I've concluded the Dylan superclass linearization algorithm is preferable to the Common Lisp (CLOS) algorithm.

A refresher: in a hierarchy with multiple inheritance, some means must be found to determine which superclass a class should inherit entities from. One approach is to have an algorithm for totally ordering (linearizing) the superclasses ('computing the class precedence list (CPL)', as one might say in CL), and inheriting each entity from the first superclass in the list in which the entity occurs. Algorithms are allowed to reject certain hierarchies if they cannot be linearized in some acceptable way.

The CL and Dylan algorithms are similar, except that the Dylan algorithm is slightly more strict in the hierarchies it accepts. In return Dylan's orderings have the property of monotonicity: if C1 is a subclass of C2, then the linearized superclasses of C2 occur in the same order in the CPL of C1.

Why do I care about this? I was writing CL compliance tests for the class precedence orderings specified in the ANSI CL spec. To do this, I wrote a generic function with the LIST method combination, and added a method for each standardized class that return that class's name. This should yield the names of the standardized superclasses of the class of a value, in the order they appear in the CPL.

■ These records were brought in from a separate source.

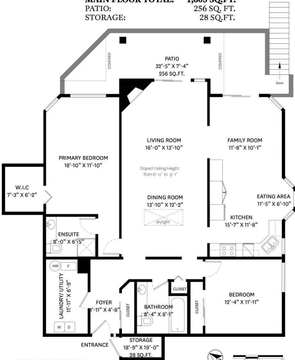
MAIN FLOOR PLAN Ceiling Height: 8'-0"

MAIN FLOOR TOTAL: 1,605 SQ.FT. PATIO: 256 SQ. FT. STORAGE: 28 SQ.FT.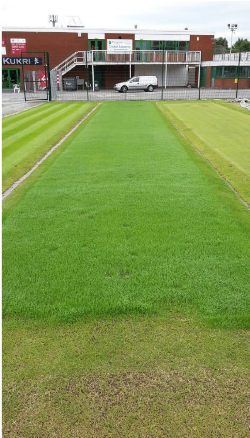
Fig 7: The ProNitro seed has clearly established quickly and has a good colour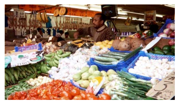
Exhibit 7: Produce stand, Brixton Market with Scotch Bonnet and Casava among other produce.

Herbs and Spices. A few importers of herbs and spices were interviewed for this study. In all cases the importers said that the demand for Caribbean herbs and spices is increasing due to the increase in spices and the decrease in Asian supply. However, the importers who had attempted to import herbs from Guyana were disappointed in their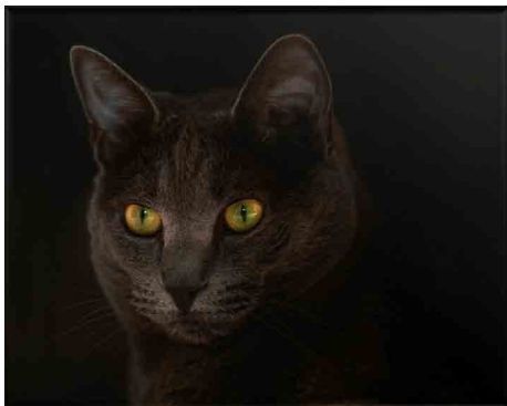
“Shadow Kitty” by Kristi Dixon

So, too, can we talk about “low key” photos. These are images purposely rendered darker than average.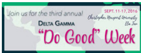
DG Do Good Week.jpg 30K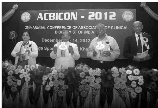
Release of the Conference Souvenir

The Conference was officially inaugurated on 12th Dec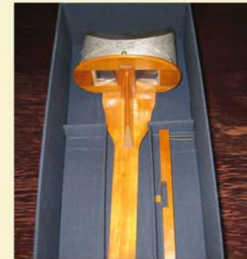
Custom box for viewfinder

Western Memorial Archives is home to many items and objects that do not fall under the traditional category of books, manuscripts, or other paper based ephemera. It can be quite challenging to store these unusually shaped items, especially when space is limited. A solution that we have come up with is to create custom boxes for many of the items. The boxes serve to protect the items from damage and make it easier to store and retrieve the items.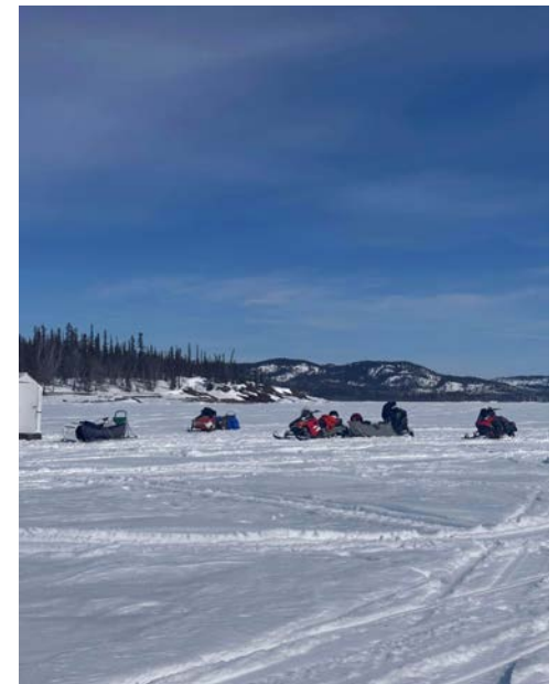
ABD supported Camsell Portage’s fishing derby this year

Black Lake and Camsell Portage held fishing derbies, and ABD purchased prizes from Tru North, who provided a significant discount. Additionally, QM Points and Points Athabasca also donated $1,000 in prizes.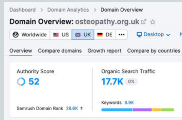
Figure 4: Your domain authority is a large factor in your SEO rankings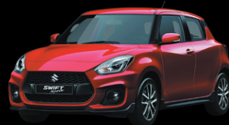
Burning Red Metallic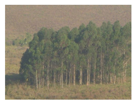
Figure 7a-b. Pictures showing the Eucalyptus plantations

Chapman et al (2004) reportedly observed in 2002, physical damage to the forest in form of slash and burn agriculture was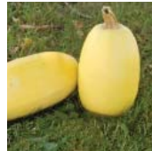
SQUASH, Spaghetti (Cucurbita pepo)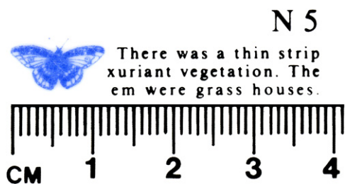
FIG 1. Image of butterfly and N5 fixation targets. For the N5 target participants were asked to continually identify the words and letters on the N5 line.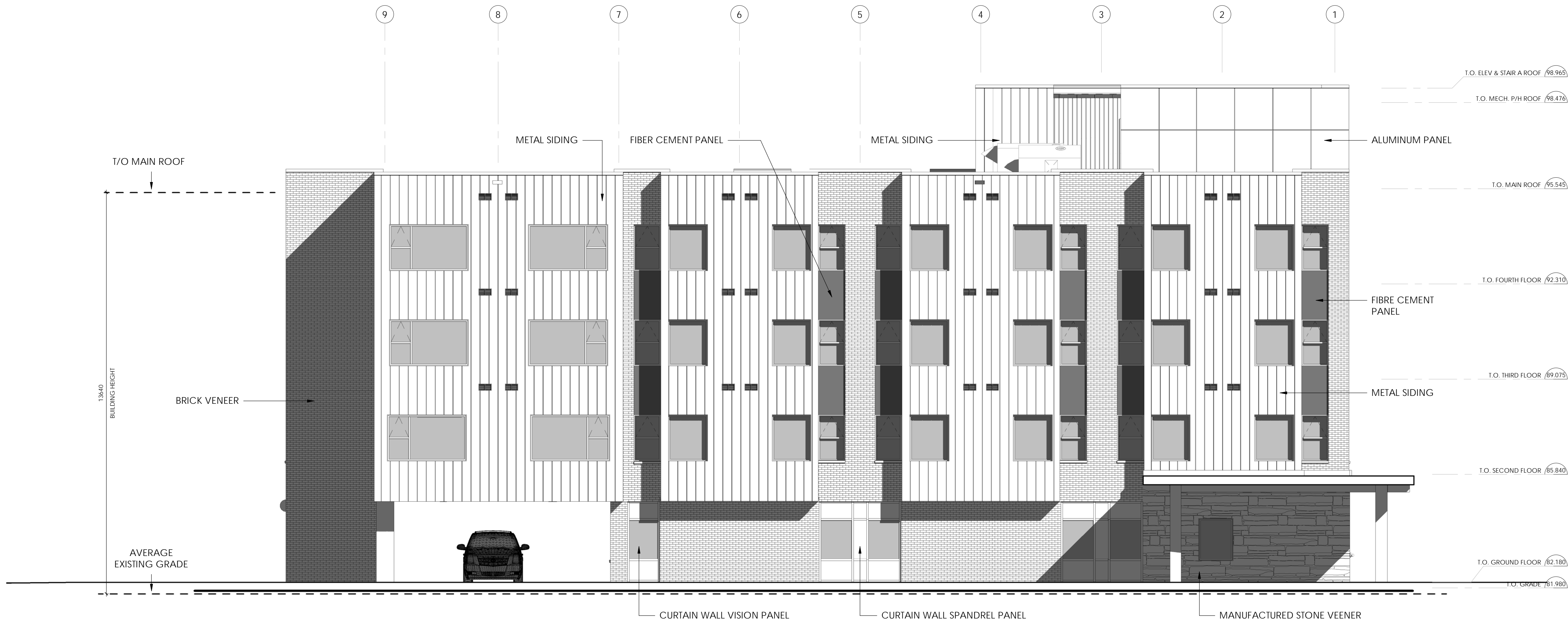
1 NORTH ELEVATION A201.1 SCALE: 1:75

ADAM BROWN MANAGER, DEVELOPMENT REVIEW - RURAL PLANNING, INFRASTRUCTURE & ECONOMIC DEVELOPMENT DEPARTMENT, CITY OF OTTAWA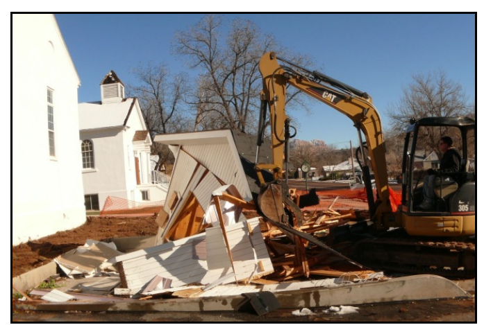
Site demolition began on January 3, 2011 to make way for new Rockville town office addition

Work began on January 3, 2011 to make room for a new town office addition in front of the Rockville Town Community Center recreation hall structure. As of January 17th framing of the facility was underway.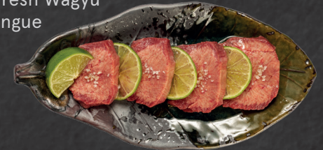
와규 소고기 혀 WAGYU TONGUE Sliced fresh Wagyu beef tongue 24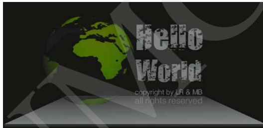
Fig. 5. A complex exhibit with an animated rotating object and a column of text labels.

The above line creates a Slide exhibit, which will contain a title and a bullet list in a column. The Slide constructor creates Label objects out of the string constants and determines their size. The title will be automatically resized to take up the whole exhibit width and the bullets in the list will be resized to have the same font size.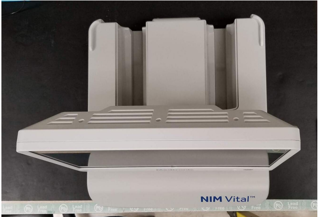
Figure 8 NIM Vital Console, Model NIM4CM01, Top Side View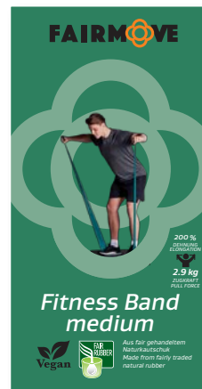
FITNESS BAND MEDIUM 200 x 12 CM, GREEN ART.-NO. 4800020 EAN: 4260365859200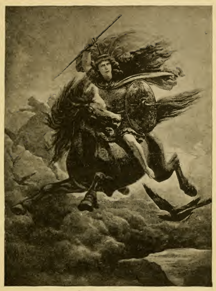
Gudrun the Valkyrie.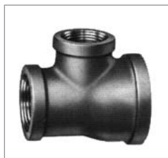
BT Reducer Series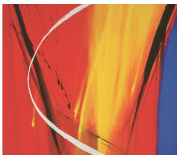
Dvořák, Smetana and Suk String Quartets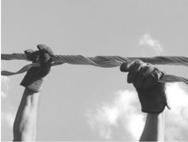
5. Repeat the procedure for the remaining subsets.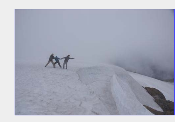
Please Dodo, don't even think about it :)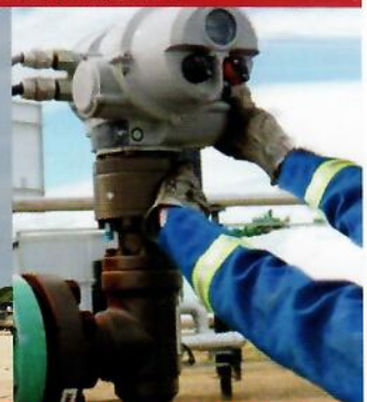
Automated Wellhead Chokes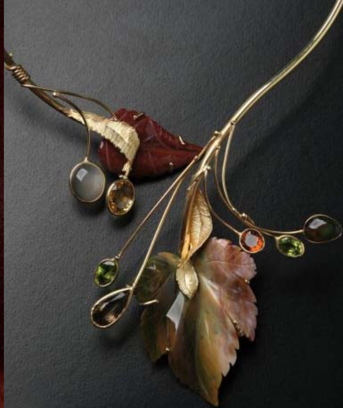
Collier Autumn in yellow gold and semi-precious stones by Silvano Zanchi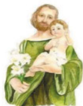
ST. JOSEPH NOVENA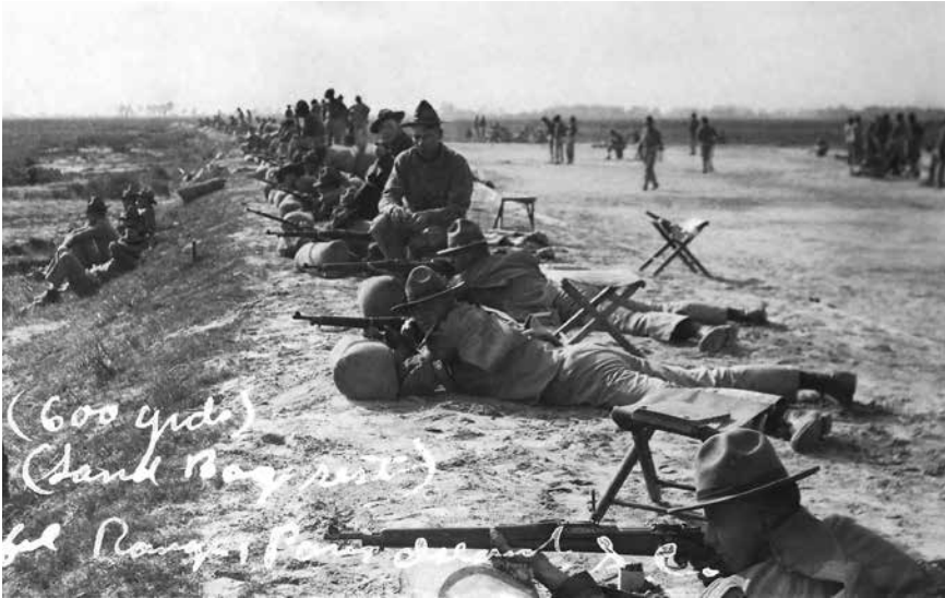
U.S. Marines practice marksmanship while going through recruit training at Marine Barracks Parris Island, South Carolina, during World War I.

The following table gives a list of the special schools at the Parris Island Recruit Depot and the number of graduates from each during the period between the outbreak of war and the date the armistice became operative: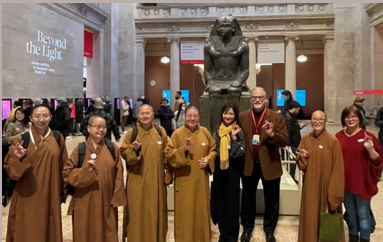
Bhikshunis from Fo Guang Shan and BLIA members visit the Metropolitan Museum of Art. Pandemic World.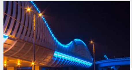
Architectural outdoor lighting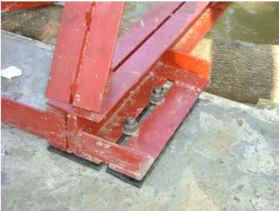
4.28 Bearing foot at the Fixed End of the footbridge. Note the rubber sheet used to support the foot.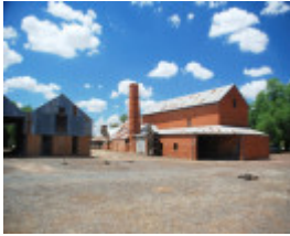
DAY'S FLOUR MILL COMPLEX SOHE 2008

BUT... there's in general no guarantee that if some object is in type C (C a class) that it's also an instance of C. It could be an instance of a subclass of C, and that subclass could have a different CPL. Lack of monotonicity means I cannot presume the superclasses of C still occur in the specified order.

This reconfirms my belief that writing a test suite tests not only an implementation, but also a specification. Untestable requirements are bugs.

cmm: yes, that's the algorithm.

30 May 2003 (updated 30 May 2003 at 11:47 UTC) »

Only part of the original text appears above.